───── Available records ─────

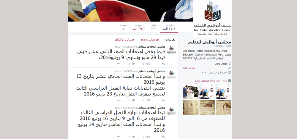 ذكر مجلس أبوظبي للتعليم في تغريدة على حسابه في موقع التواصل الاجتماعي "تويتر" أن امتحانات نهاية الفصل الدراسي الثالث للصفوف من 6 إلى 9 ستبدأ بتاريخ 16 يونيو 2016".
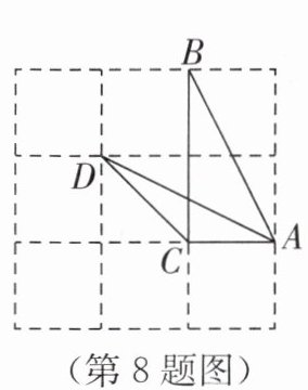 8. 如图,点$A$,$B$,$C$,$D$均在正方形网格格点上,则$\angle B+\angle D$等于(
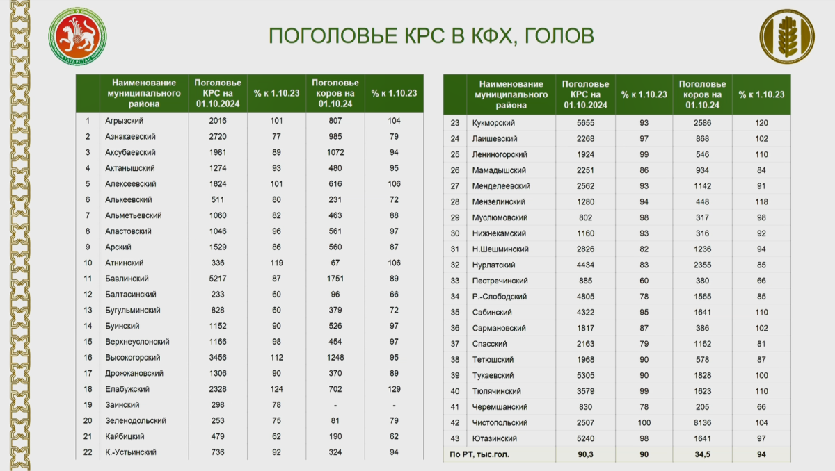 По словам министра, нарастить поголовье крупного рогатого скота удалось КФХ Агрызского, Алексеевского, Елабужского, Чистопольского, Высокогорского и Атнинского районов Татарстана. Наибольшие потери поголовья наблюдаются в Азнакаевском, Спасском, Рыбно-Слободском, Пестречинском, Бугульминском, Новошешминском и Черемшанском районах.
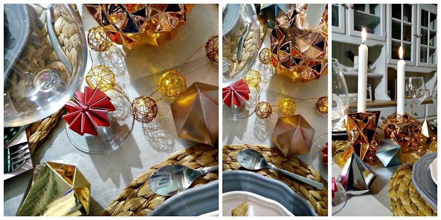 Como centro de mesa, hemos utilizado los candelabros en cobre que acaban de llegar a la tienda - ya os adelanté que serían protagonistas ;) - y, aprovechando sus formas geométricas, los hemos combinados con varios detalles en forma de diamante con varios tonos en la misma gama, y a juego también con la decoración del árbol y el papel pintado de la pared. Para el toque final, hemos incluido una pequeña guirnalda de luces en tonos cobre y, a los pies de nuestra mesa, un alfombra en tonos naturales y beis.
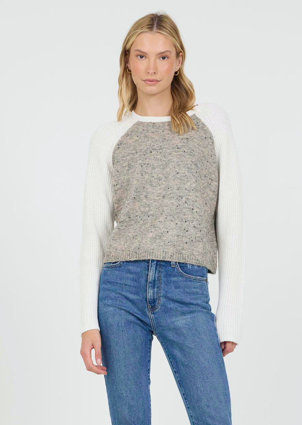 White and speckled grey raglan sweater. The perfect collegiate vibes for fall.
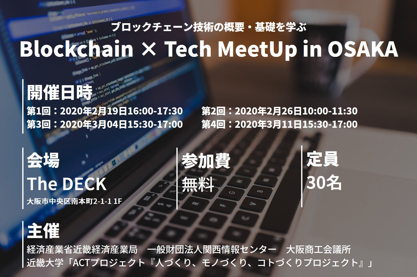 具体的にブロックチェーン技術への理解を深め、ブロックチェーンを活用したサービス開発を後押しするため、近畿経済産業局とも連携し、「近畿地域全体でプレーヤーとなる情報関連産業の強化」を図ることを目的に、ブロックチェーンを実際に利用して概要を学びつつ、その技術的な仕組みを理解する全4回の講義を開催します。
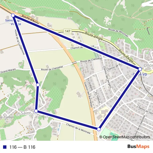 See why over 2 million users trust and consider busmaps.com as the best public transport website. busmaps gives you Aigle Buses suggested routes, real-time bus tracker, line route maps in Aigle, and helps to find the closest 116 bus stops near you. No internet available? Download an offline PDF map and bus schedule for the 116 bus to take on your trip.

─────
───── Available records ─────

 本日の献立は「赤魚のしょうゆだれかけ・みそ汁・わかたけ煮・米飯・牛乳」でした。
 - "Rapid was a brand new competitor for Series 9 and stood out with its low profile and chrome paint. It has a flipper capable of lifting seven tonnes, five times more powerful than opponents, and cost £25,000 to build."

─────

• _Task prompt_: Everything above from the line containing "具体的にブロックチェーン技術" down to the line containing "See why over" is to be duplicated exactly, both lines included, and the pictures are to be omitted.

• _Finished exercise_:
 具体的にブロックチェーン技術への理解を深め、ブロックチェーンを活用したサービス開発を後押しするため、近畿経済産業局とも連携し、「近畿地域全体でプレーヤーとなる情報関連産業の強化」を図ることを目的に、ブロックチェーンを実際に利用して概要を学びつつ、その技術的な仕組みを理解する全4回の講義を開催します。
 See why over 2 million users trust and consider busmaps.com as the best public transport website. busmaps gives you Aigle Buses suggested routes, real-time bus tracker, line route maps in Aigle, and helps to find the closest 116 bus stops near you. No internet available? Download an offline PDF map and bus schedule for the 116 bus to take on your trip.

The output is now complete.